3 So, he tasted death for all men,
He, of all mankind the head,
Sinless one, among the sinful,
Prince of life, among the dead;
Thus he wrought the full redemption,
And the captor captive led.
4 Now on high, yet ever with us,
From his Father's throne the Son
Rules and guides the world he ransomed,
Till the appointed work be done,
Till he see, renewed and perfect,
All things gathered into one.
5 Alleluya to the Father,
Alleluya to the Son,
Alleluya to the Spirit,
Ever three and ever one,
One in love and one in glory,
While unending ages run. Amen.
John Ellerton (b. London, England, 1826; d.

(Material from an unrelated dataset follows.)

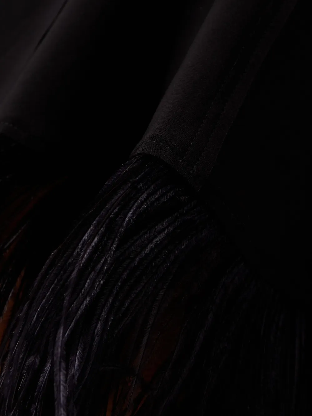 чёрная отделка из перьев, застёжка-молния сзади, высокая талия

Torquay, Devonshire, England, 1893) Educated at King William's College on the Isle of Man and at Trinity College, Cambridge, England, he was ordained in the Church of England in 1851. He served six parishes, spending the longest time in Crewe Green (1860-1872), a church of steelworkers and farmers. Ellerton wrote and translated about eighty hymns, many of which are still sung today. He helped to compile Church Hymns and wrote its handbook, Notes and Illustrations to Church Hymns (1882). Some of his other hymn texts were published in The London Mission Hymn Book (1884).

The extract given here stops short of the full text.